Basically, a MAC is a function that takes in a message (any arbitrary string) and a secret key, and outputs a random-looking token that depends, in a complicated way, on both the message and the key. Importantly, it is effectively impossible to compute a valid MAC token for a modified message without knowing the key.
To validate a query string (or some other data) with a MAC, you'd basically follow these steps:
Encode the data into a "canonical" form as a string. For an HTTP URL, you could just use the query string (and/or the entire URL) as it is, although you may wish to normalize it e.g. by %-decoding any characters that don't have to be encoded, and normalizing the case of any %-encoded values (e.g. %3f → %3F).

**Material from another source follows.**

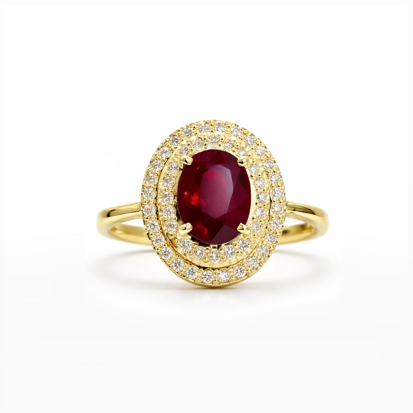 Prsten ze žlutého zlata je osazen oválným přírodním rubínem o hmotnosti 1,95 ct, který doplňuje dvojitá halo obruba z briliantů. Konstrukce šperku zvýrazňuje centrální kámen, zatímco jemně profilovaná obroučka a přesné osazení kamenů podtrhují jeho reprezentativní a technicky čisté zpracování.

Alternatively, you could decode the query string into, say, an associative array, and serialize this array in a format of your choice. This can make it easier to combine parameters from multiple sources (e.g. hidden form fields), to add extra data fields (see below) and to choose which fields you want to validate.
Optionally, combine the data with any additional information you wish to associate it with, such as a user ID and/or a timestamp. (You can either transmit the timestamp explicitly, or just round it down to, say, the last hour, and check both the current and the previous timestamp when validating it.) Changing any of these values will change the MAC output, thus preventing attackers from e.g. trying to submit one user's data under another user's account.
Store a secret key (preferably, a securely generated random value of, say, 128 bits) on the server. Obviously, this secret key must be stored so that users cannot access it (e.g. by guessing the path to the config file).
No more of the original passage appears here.